Records from a data collection

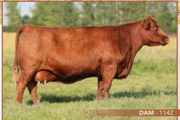
DAM - 114Z

CE: 1.0 BW: 2.3 WW: 49 YW: 73 MILK: 23 MCE: 7.5
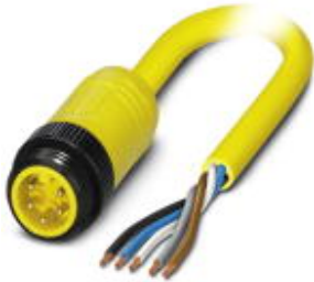
Power cable, 5-position, PVC, yellow, Plug straight 7/8"-16UNF, on free cable end, Cable length: 2 m

Please be informed that the data shown in this PDF Document is generated from our Online Catalog. Please find the complete data in the user's documentation. Our General Terms of Use for Downloads are valid ( http://phoenixcontact.com/download )
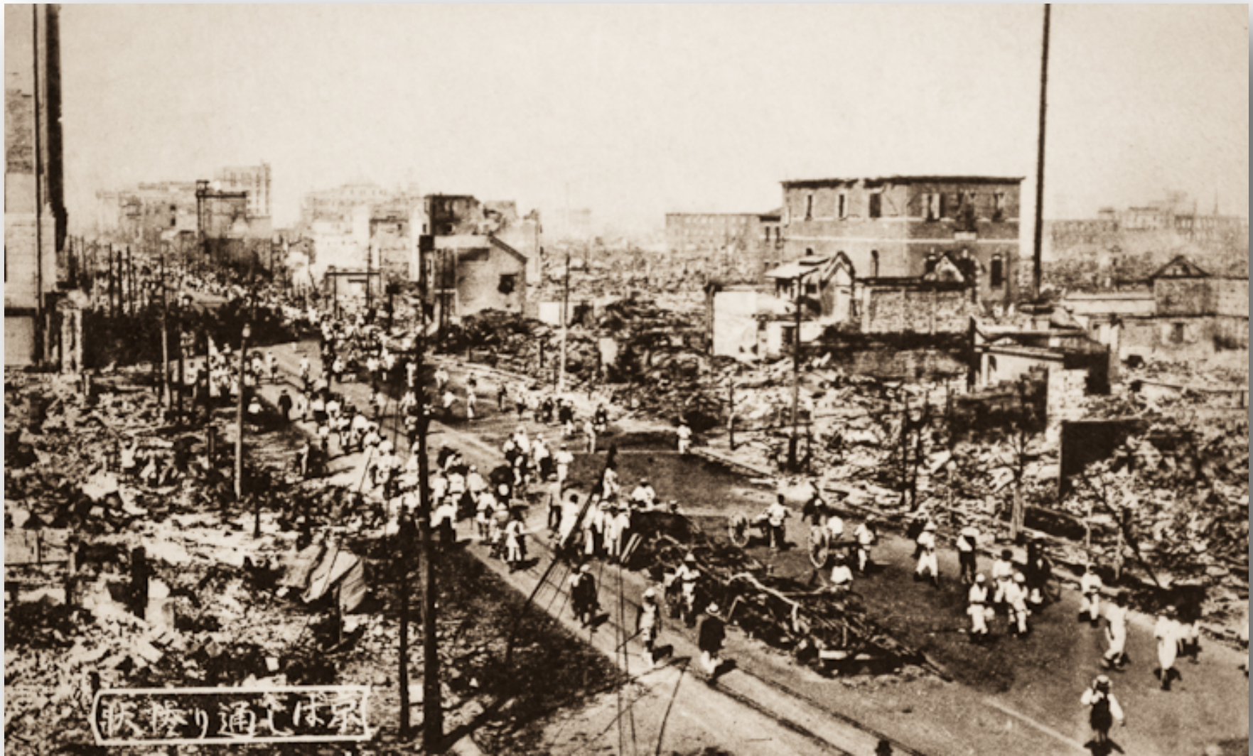
The Great Kanto Earthquake, 1923
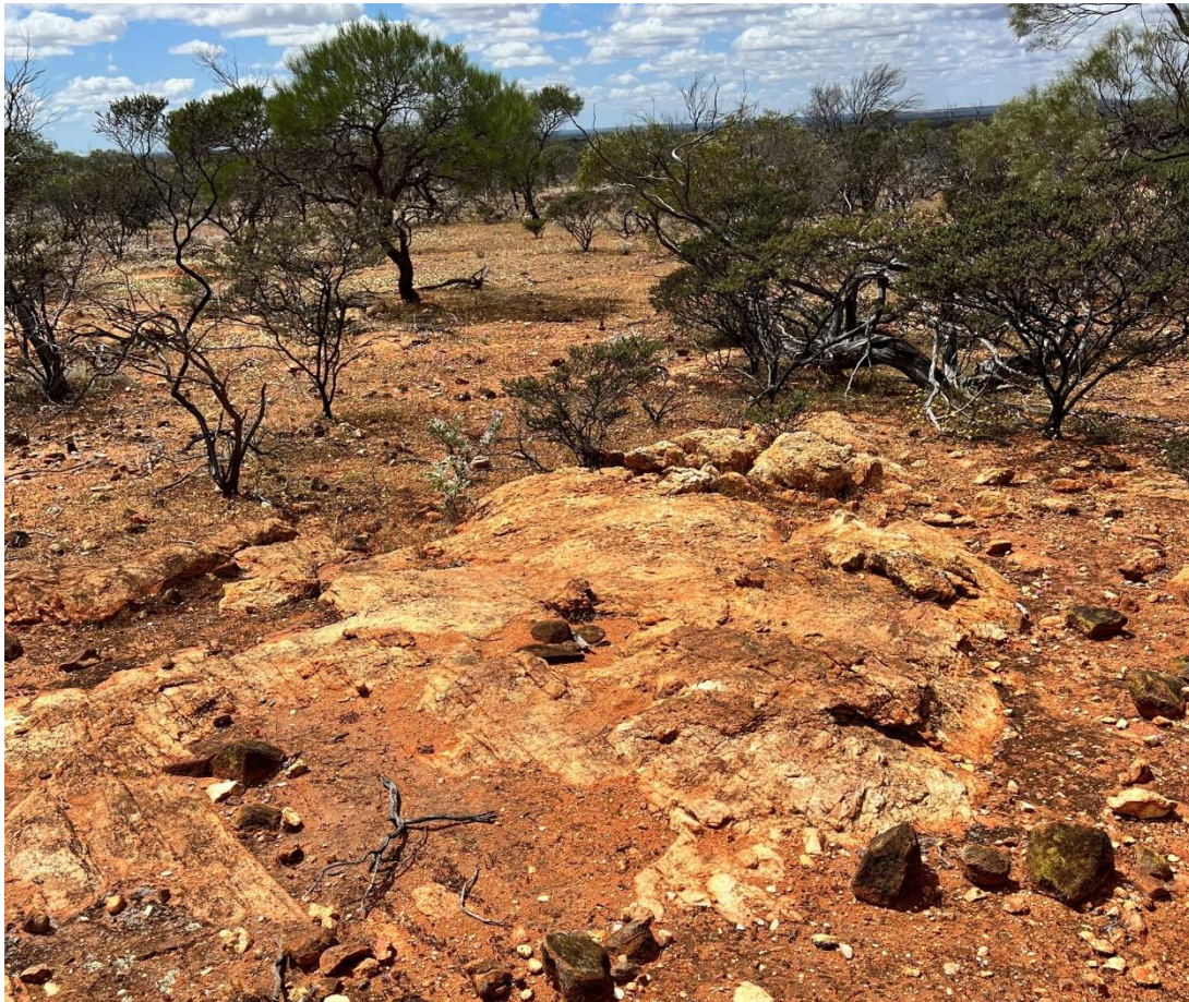
Figure 2: Pegmatite outcrops identified at Yalgoo West Project

Field mapping and surface geochemistry is planned to assess the Tenements for pegmatite-hosted Lithium-Caesium-Tantalum (LCT) mineralization.

§ **TASK TO COMPLETE**: From the line containing "Please be informed" down to the last line of the entries above, set down every line exactly. Omit all pictures.

§ **TASK SOLUTION**:
Please be informed that the data shown in this PDF Document is generated from our Online Catalog. Please find the complete data in the user's documentation. Our General Terms of Use for Downloads are valid ( http://phoenixcontact.com/download )
The Great Kanto Earthquake, 1923
Figure 2: Pegmatite outcrops identified at Yalgoo West Project

Field mapping and surface geochemistry is planned to assess the Tenements for pegmatite-hosted Lithium-Caesium-Tantalum (LCT) mineralization.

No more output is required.